Kasper, la shoah e “Nostra aetate”

 

●Il cardinal Walter Kasper ha dichiarato al Corriere della Sera (31 maggio 2010, p. 23) che «la shoah è stata favorita anche da un tipo di teologia. […]. Secoli di teologia cristiana anti-giudaica hanno contribuito alla shoah favorendo […] l’antisemitismo razziale-biologico del nazismo. […]. Quel crimine senza precedenti ha costretto le Chiese cristiane a rivedere il loro rapporto con gli ebrei e per i cattolici il tornante decisivo è stato il Vaticano II, con le sue scelte irrevocabili. […]. Il riconoscimento di una responsabilità cristiana indiretta nella shoah era contenuto già in un documento epocale della “Commissione per i rapporti religiosi con l’Ebraismo”, pubblicato nel 1998 con il titolo “Noi ricordiamo”, in vista del “mea culpa” giubilare del 2000».

 

 

●Il cardinale qui mette in relazione di contrarietà (e non di continuità) secoli di teologia cristiana e Vaticano II. Ora, come spiega monsignor Brunero Gherardini, se non vi è continuità fra la Tradizione divina o divino-apostolica della Chiesa e l’insegnamento pastorale conciliare (per esempio, Nostra aetate), significa che quest’ultimo è erroneo poiché in disaccordo con una delle due fonti della Rivelazione[1]. “De ore tuo te judico” si può dire a Walter Kasper.

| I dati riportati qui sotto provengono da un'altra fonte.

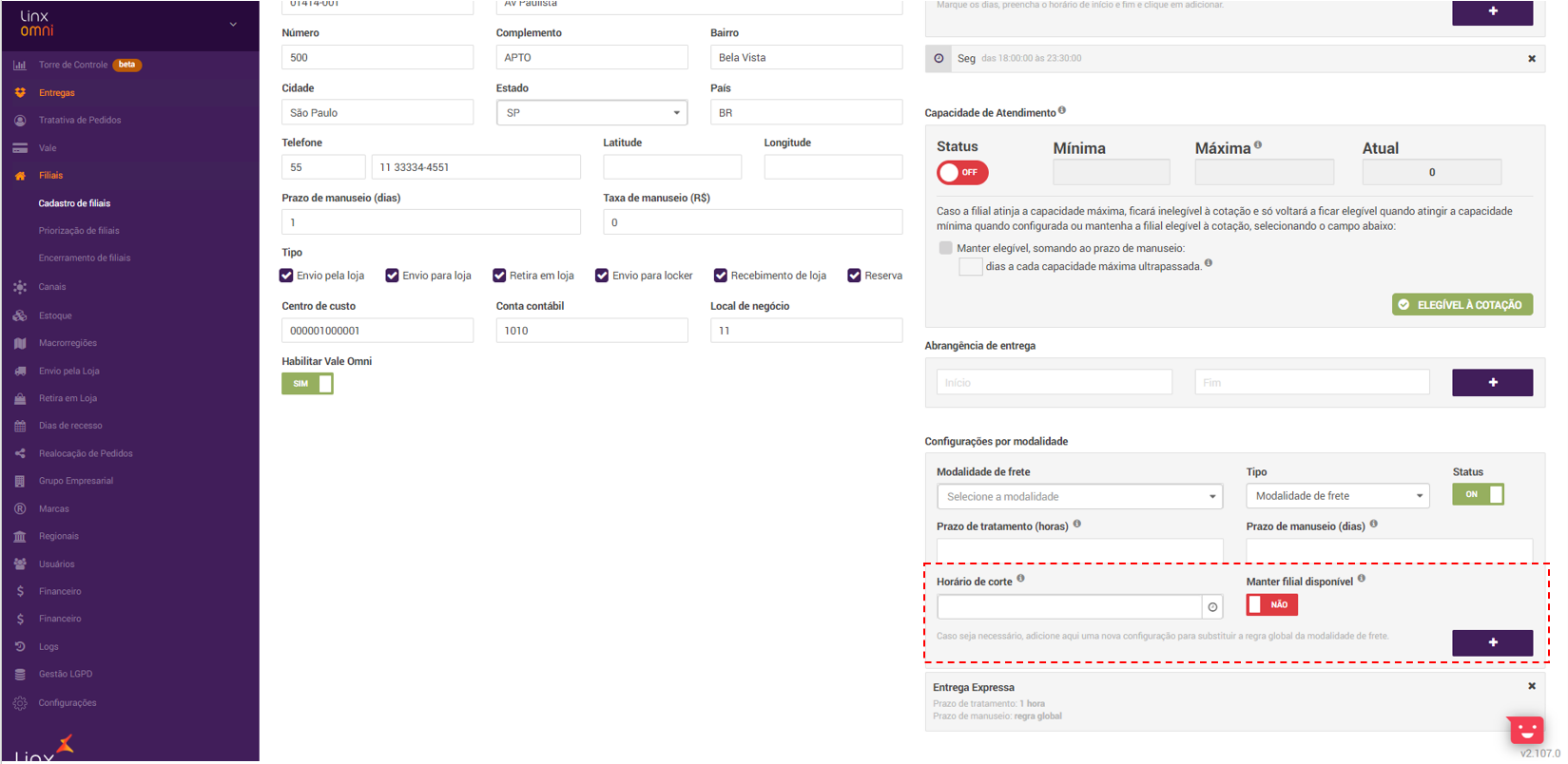Conforme Figura abaixo, é possível cadastrar o horário de corte e ativar ou não a flag "Manter filial disponível". Ambos os campos são opcionais. Quando não preenchidos, irá ser considerado o horário de corte global existente na Modalidade de Frete.

Il quale, inoltre, non esita a vedere nella shoah il termine della teologia pre-conciliare e il punto di partenza di quella conciliare e post-conciliare. Egli può liberamente parlare di shoah poiché lo fa in maniera conforme alla vulgata sterminazionista, mentre, se lo si fa chiedendo di “rivisitare” storicamente e scientificamente (tramite analisi fisiche e chimiche) tale avvenimento, si è linciati moralmente anche nell’ambiente cattolico-conservatore oramai abbondantemente giudaizzato, come è avvenuto a monsignor Vitaliano Mattioli, quando nel 1997 pubblicò con l’editrice Mursia di Milano il libro Gli ebrei e la Chiesa. La shoah è - quindi - un problema non solo storico-politico, ma anche teologico, e come tale, analogamente a ciò che la Chiesa ha fatto recentemente, ad esempio, nei confronti della Rivoluzione francese o del Risorgimento italiano, va affrontato da un punto di vista storico, politico e teologico, senza lasciarsi intimorire dagli attacchi della stampa laicista e rinchiudendosi in sacrestia, accampando la scusa, del tutto catto-liberale, che la Chiesa non deve far politica, come se l’uomo non fosse “naturalmente animale sociale e politico” (S. Th., I, q. 96, a. 4) e Gesù Cristo non avesse stabilito sulla terra un regno anche sociale e politico (Pio XI, Quas primas, 1926).

 

●Al contrario dei cattolici liberali di ieri e di oggi, monsignor Marcel Lefebvre scriveva che «a partire da Giovanni XXIII e Paolo VI, le autorità ecclesiali si son fatte collaboratrici attive della massoneria ebraica internazionale»[2]. Aveva, infatti, constatato personalmente, durante i lavori conciliari, l’influenza decisiva del Bené Berìt nella stesura di Nostra aetate. Già nel 1946 Marx Jules Isaac in Jésus et Israel e poi nel 1948 in Genèse de l’antisémitisme aveva teorizzato la fine dell’antigiudaismo teologico alla luce della shoah e l’inizio di una nuova teologia giudeo-cristiana, dando la colpa dell’antigiudaismo ai Vangeli, soprattutto di Matteo e Giovanni, e ai Padri della Chiesa, specialmente a S. Giovanni Crisostomo. Isaac assieme al cardinal Bea è stato uno degli artefici di Nostra aetate.

 

Per una retta comprensione dei rapporti tra cattolicesimo e III Reich dal 1933 al 1934

 

●I primi rapporti tra Chiesa cattolica e nazionalsocialismo furono buoni. Si guastarono dopo il 1935 e soprattutto nel 1937 quando fu promulgata l’enciclica Mit brennender Sorge di Pio XI, la quale però va letta alla luce della nota del cardinal Eugenio Pacelli, come abbiamo scritto su questo stesso sito, che distingueva tra elementi estremisti e neopagani del partito (Rosenberg e Goebbels) e l’ala più equilibrata, che aveva in Hitler il suo moderatore. Dopo la Repubblica di Weimar, il cattolicesimo tedesco, come la Chiesa romana, vedeva il nemico numero uno nella «modernità di stampo illuminista e liberale, della secolarizzazione, del kulturkampf e della rivoluzione d’Ottobre»[3].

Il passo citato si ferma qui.